Options for Atom Manipulation: It is the presumption in LORE that any residue in any fragment may replace a residue in the developing molecular model at any time. It is important, therefore, to be able to manipulate coordinates as precisely as possible. It is generally the case that precision follows complexity, but there are a couple of simple operational options that can provide a lot of flexibility without introducing excessively complicated concepts. A simple list of atom names (the Superposition Atom List), for example, defines atoms from corresponding residues that will be overlaid during superposition. This can be set to Ca, all main chain atoms (N Ca C O), or any arbitrary list. Since the r.m.s fit of a fragment to the target is often taken as an indicator of a good fit, it is very useful to be able to limit the superposition to only trusted atom positions. This list, when coupled with the residue alignment control available through the residue mask, offers good flexibility without significantly complicating the user interface. A similar list of atom names specifies which atoms are replaced when target residues are replaced by their counterparts from a given fragment. In some applications, such as structure refinement, it is as important to leave atom parameters undisturbed during rebuilding as it is to make necessary corrections. If only certain side chain atom positions are wanted from a given fragment, this can be easily arranged. Finally, since LORE does most everything in memory, it is desirable to be able to optimize memory utilization. One can specify a list of names of atoms that are to be loaded into memory from the disk when fragments are created. Side chain or solvent atoms can be easily ignored when these are not needed.

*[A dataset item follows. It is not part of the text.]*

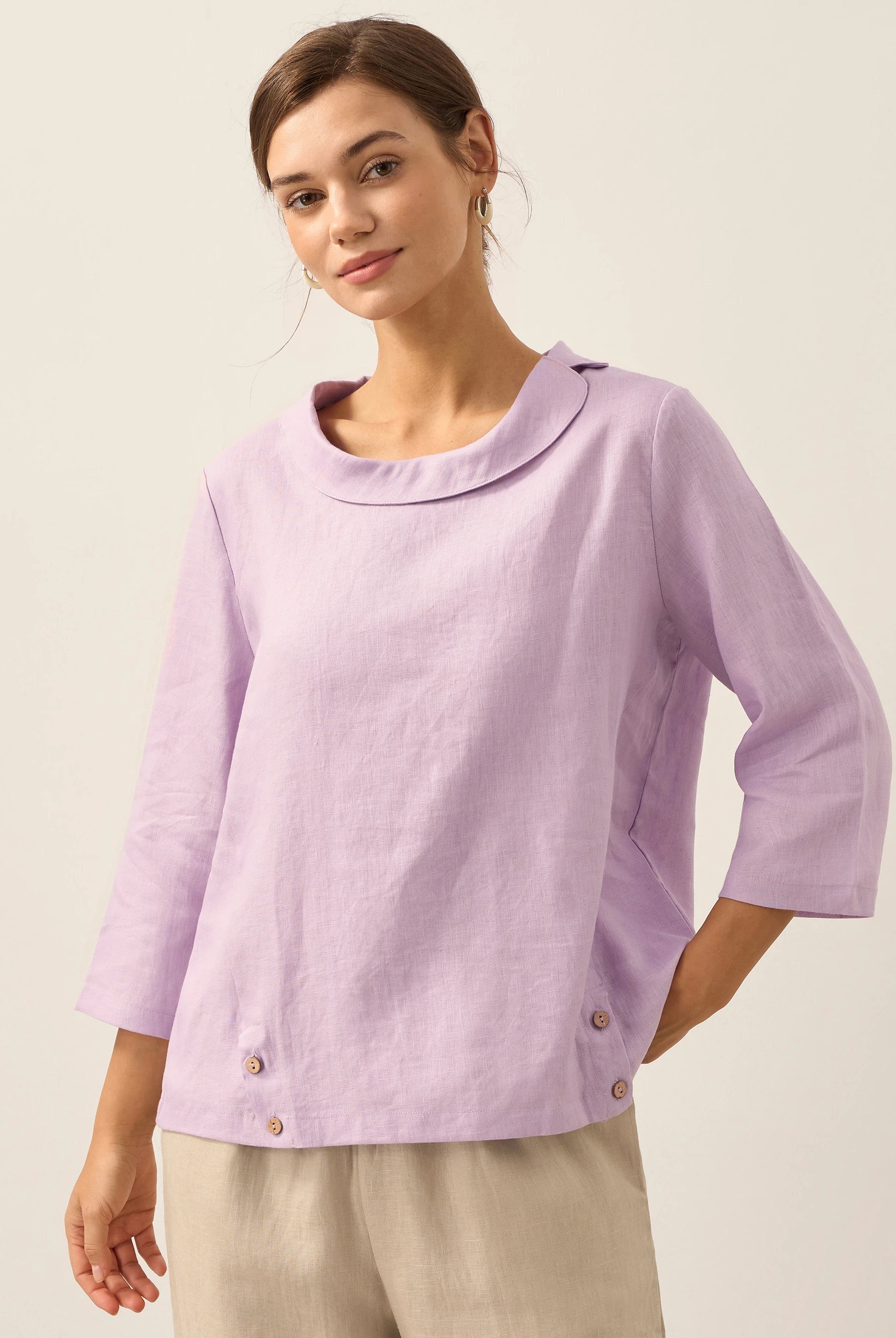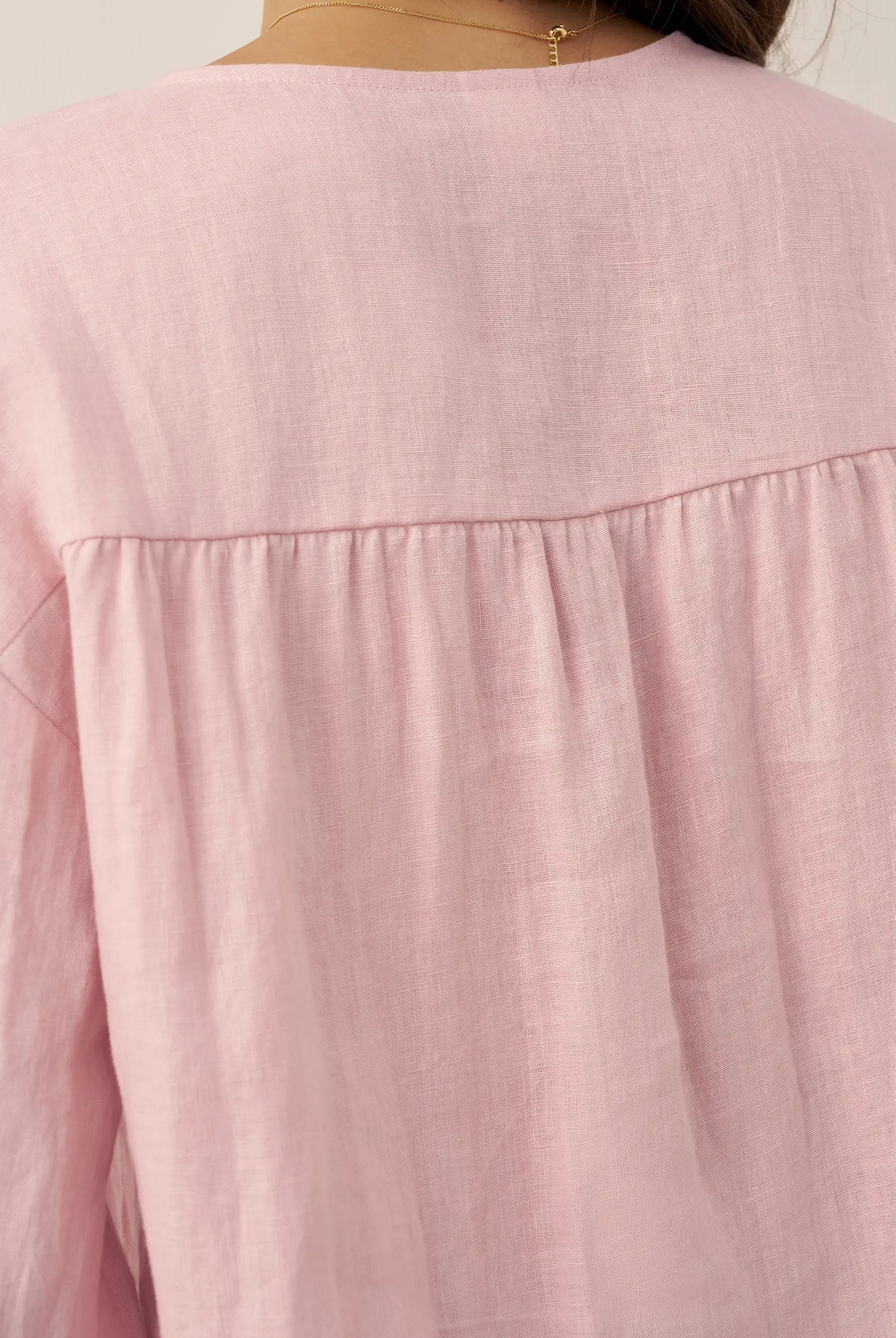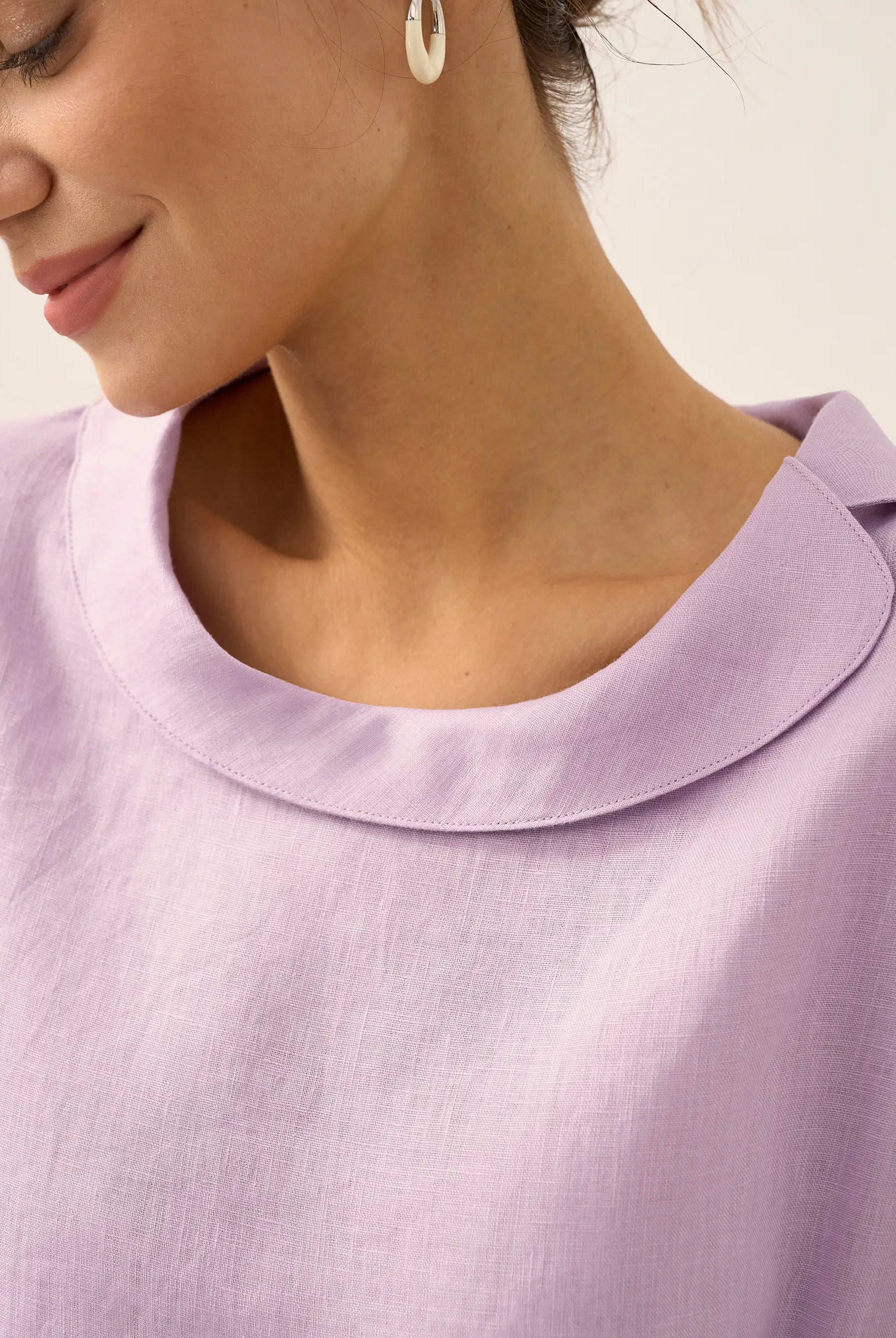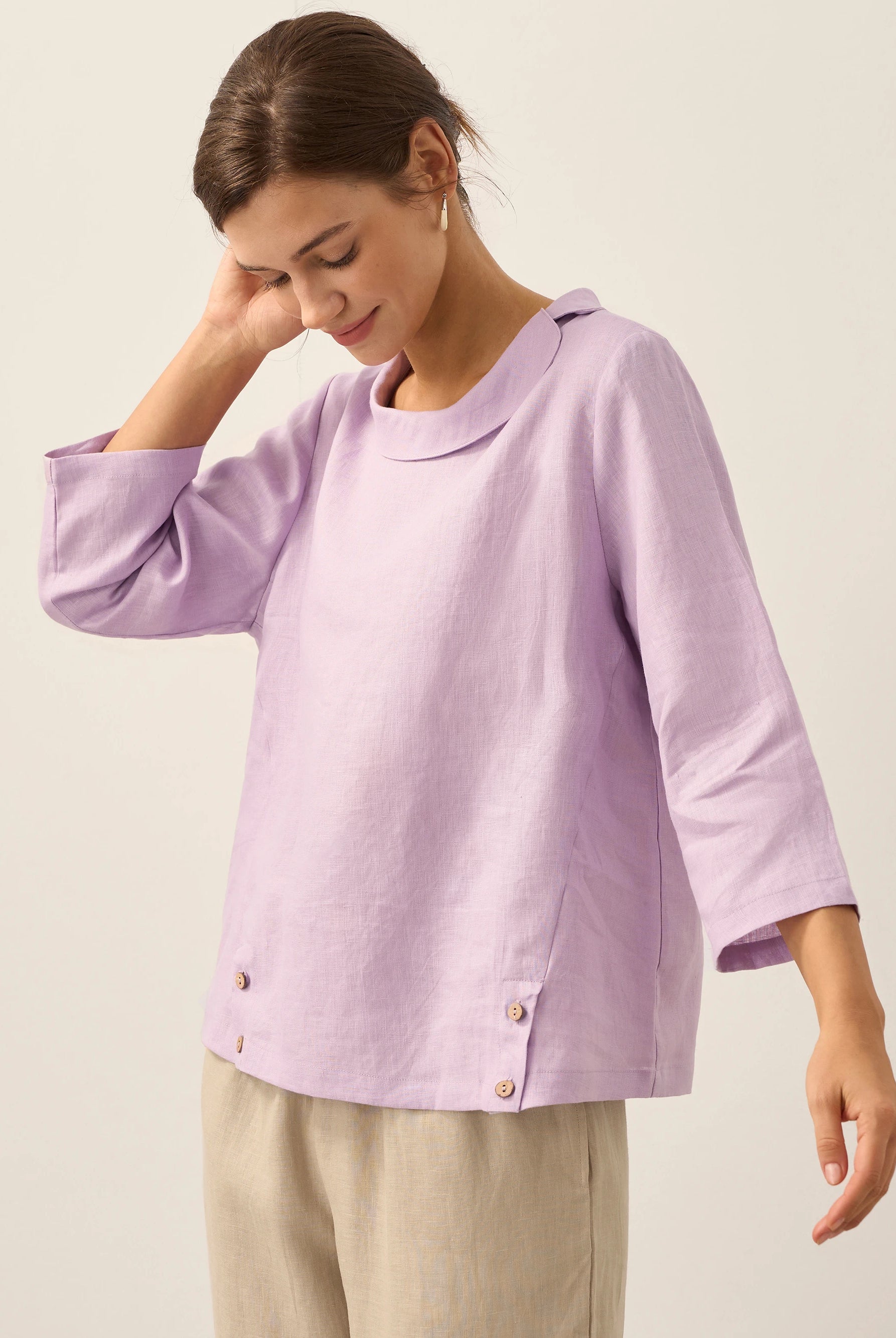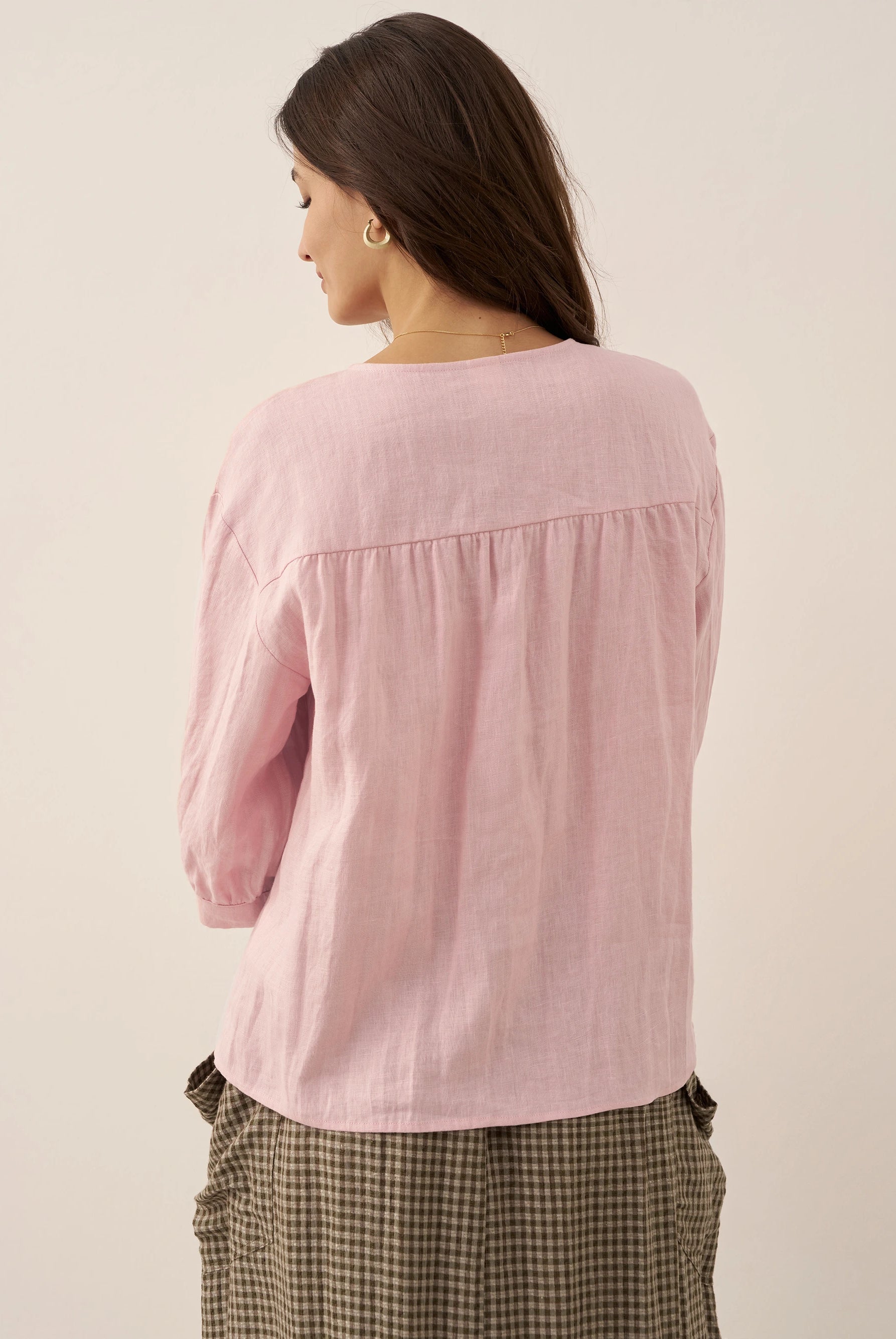 Linen Gingham Checked Round Soft-Fold Collar Top LAURA

Implementation: LORE is implemented as a non-graphical subprogram of the model building program CHAIN. Since LORE does no molecular graphics, it really relies upon this host program to display fragments; a necessary step in the process of selection of desired fragments. Also, because CHAIN is a map display and map-fitting program, it provides a convenient platform for LORE. CA positions are easily built into skeletonized electron density with CHAIN, and these can then be expanded to a complete molecular model with tools in LORE.

3 EXAMPLE

If time permits, examples showing how LORE can be used build a complete molecular model from an alpha carbon backbone, or to locate and overlay a homologous protein structure will be shown. These examples have already been well documented (Finzel, 1995).

References

[1] Jones, T.A. & Thirup, S. Using known substructures in protein model building and crystallography. EMBO J., 1986, 5, 819-822.

[2] B.C. Finzel, B.C. (1995) "Mastering the LORE of Protein Structure". Acta Crystallogr. Sect D, 51, 450-457.